# Thread: Permutation Question - Solver for "n"

1. ## Permutation Question - Solver for "n"

Solve for n where....

b) P (n,5) = 42 x P(,3) -- out of 5 marks

I know that you have to split up the equation into two sides (left side = right side)

This is as far as I've come with the question..
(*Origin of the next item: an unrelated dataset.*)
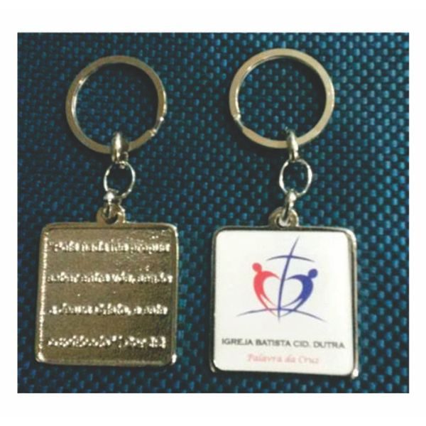 Chaveiros “Igreja Batista” em metal com etiqueta resinada.
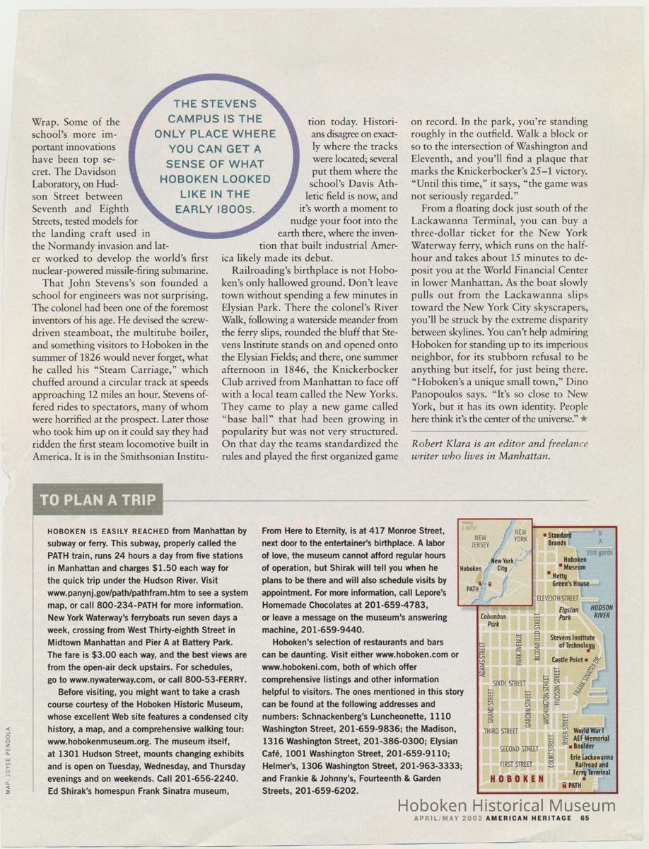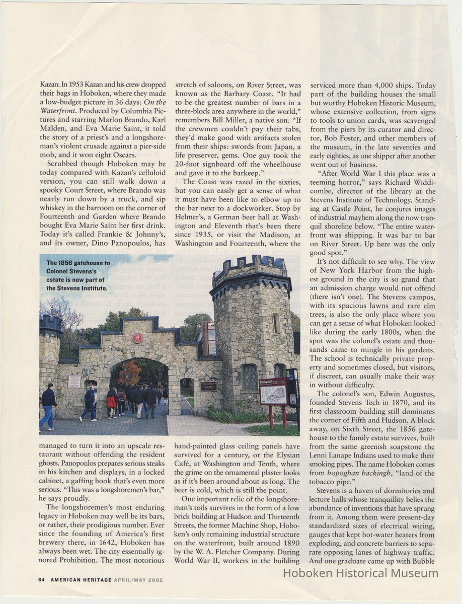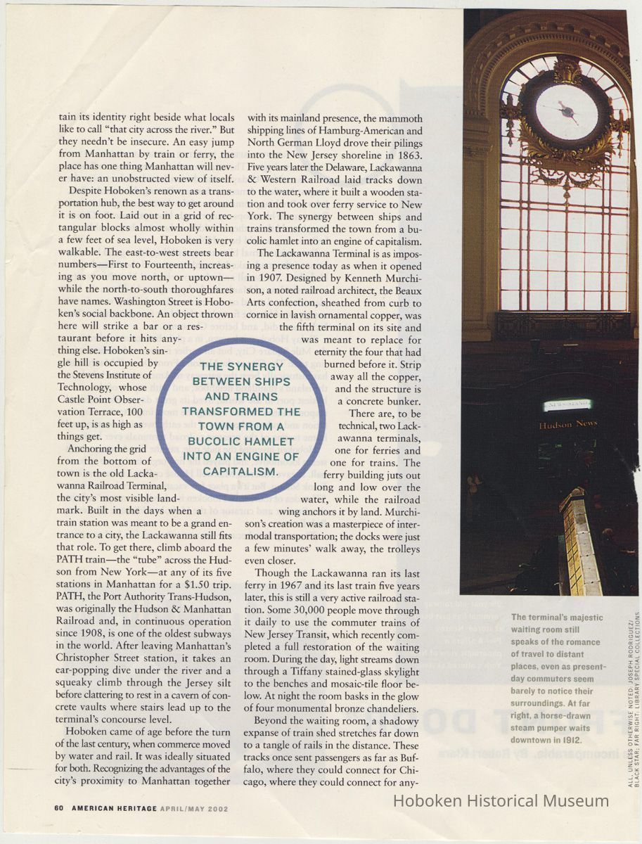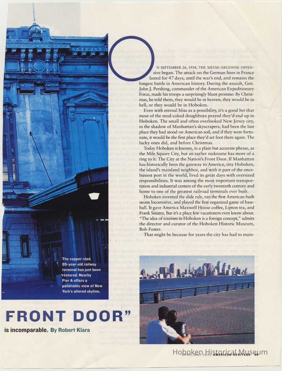 Article: "The City at the Nation's Front Door." By Robert Klara. American Heritage, April - May, 2002, pp. 58-65. Leaves as cut from magazine.

LS = n! divided by (n-5) RS = 42 x n! divided by 2!

2. $\frac{{n!}}
{{\left( {n - 5} \right)!}} = 42\frac{{n!}}
{{\left( {n - 3} \right)!}} \Rightarrow \quad \frac{{\left( {n - 3} \right)!}}
{{\left( {n - 5} \right)!}} = 42$

Can you solve it now?

3. From the book I am learning from, it shows separating into two equations: left side of the equal sign and right side of the equal sign. Are you combining them together?

I know how to break down (n-3)! into n(n-1)(n-2).. but I'm not sure how to break down (n-5)!

4. We're just working with a normal, algebraic equation:
.... \begin{aligned} P(n,5) & = 42 \cdot P(n,3) \\ \frac{n!}{(n-5)!} & = 42 \cdot \frac{n!}{(n-3)!} \\ \frac{(n-3)!}{(n-5)!} & = 42\end{aligned}

I know how to break down (n-3)! into n(n-1)(n-2).. but I'm not sure how to break down (n-5)!
No ... $(n-3)! = (n-3)(n-4)(n-5)(n-6) \cdots (2)(1)$.

Remember, you're multiplying all the numbers from (n-3) all the way down to 1.

For example, if $n = 15$, we would have: $\underbrace{(n-3)!}_{12!} = \underbrace{(n-3)}_{12}\underbrace{(n-4)}_{11}\underbrace{(n-5)}_{10}\underbrace{(n-6)}_{9} \cdots (2)(1)$

For your question, expand $(n-5)!$ in the denominator as you would with $(n-3)!$ in the numerator and see what cancels

5. Thank you..
So am I correct in saying the break down for (n-3)! is n(n-2) (n-1)

6. No ... Take for example n = 6. $(6-3)! = 3! = 6$ but $(6)(6-2)(6-1) = 120$

Read the above post again carefully.